**TASK STATEMENT:**
Pictures in the material below are to be left out, and only the lines from the line with "室内で宿題に取り組む児童も多かったです。" up to and including the line with "Overall good estate" are to be written out exactly.

**PROVIDED DATA:**
* * *
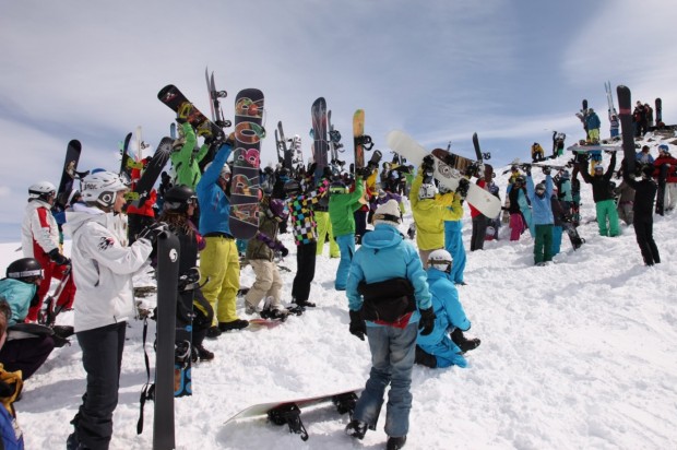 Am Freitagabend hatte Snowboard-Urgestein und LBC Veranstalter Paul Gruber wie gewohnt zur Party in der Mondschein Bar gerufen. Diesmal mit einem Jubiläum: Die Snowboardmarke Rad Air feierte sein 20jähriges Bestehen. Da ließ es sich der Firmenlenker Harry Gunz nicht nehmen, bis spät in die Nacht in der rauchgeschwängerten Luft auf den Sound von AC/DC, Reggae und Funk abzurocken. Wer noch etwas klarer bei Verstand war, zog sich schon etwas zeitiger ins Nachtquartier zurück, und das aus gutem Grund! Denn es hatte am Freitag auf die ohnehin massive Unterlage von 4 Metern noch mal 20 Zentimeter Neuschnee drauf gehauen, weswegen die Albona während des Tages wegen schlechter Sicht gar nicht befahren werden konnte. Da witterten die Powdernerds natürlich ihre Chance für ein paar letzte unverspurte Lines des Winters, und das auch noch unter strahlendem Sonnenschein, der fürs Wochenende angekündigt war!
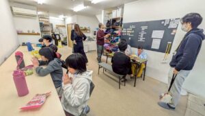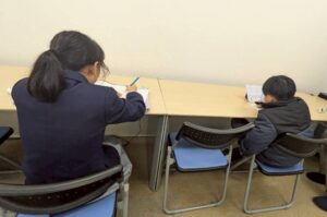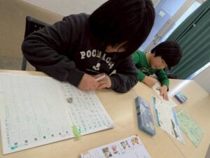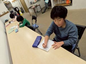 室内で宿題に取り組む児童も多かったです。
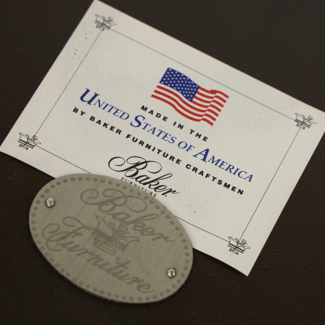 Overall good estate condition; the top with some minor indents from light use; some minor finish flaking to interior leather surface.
* * *
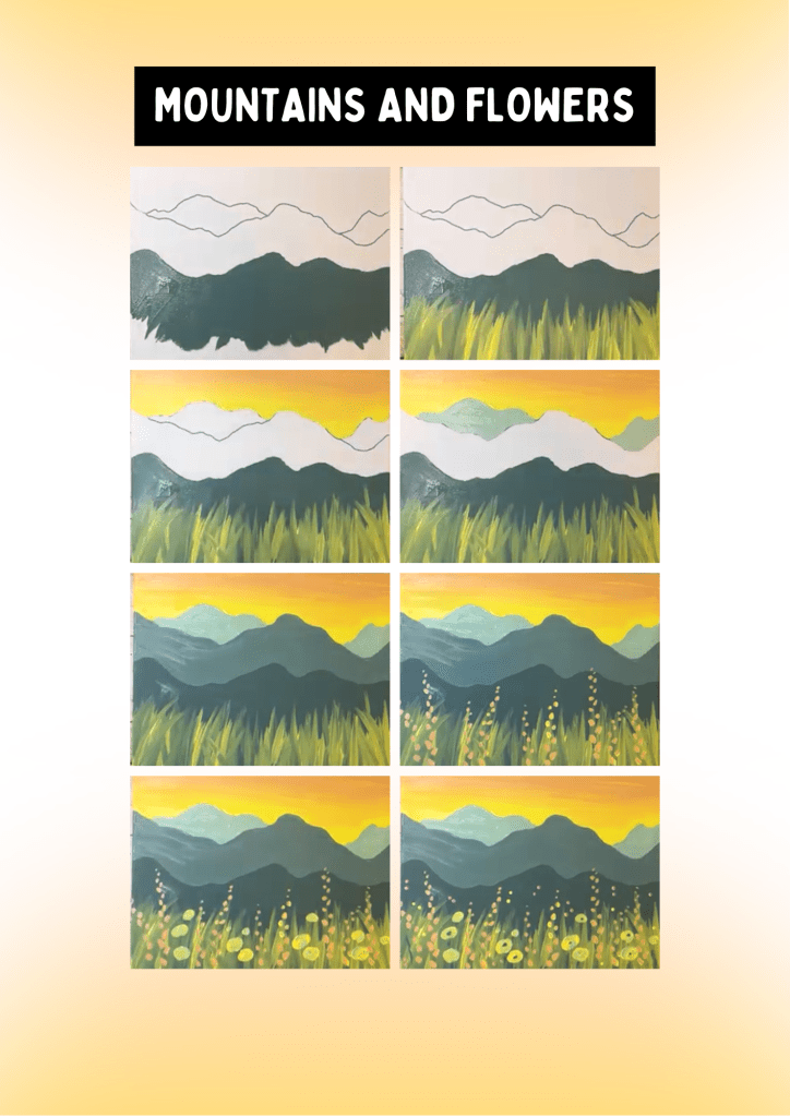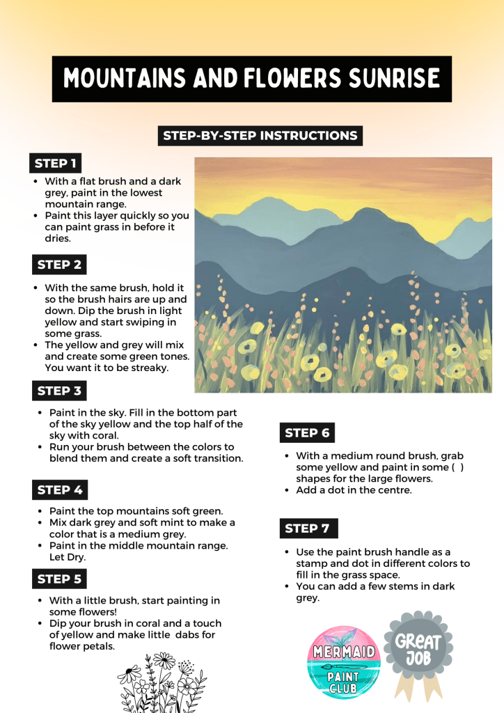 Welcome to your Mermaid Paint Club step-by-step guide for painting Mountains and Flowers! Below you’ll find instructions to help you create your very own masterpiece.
* * *
**PROBLEM SOLUTION:**
 室内で宿題に取り組む児童も多かったです。
 Overall good estate condition; the top with some minor indents from light use; some minor finish flaking to interior leather surface.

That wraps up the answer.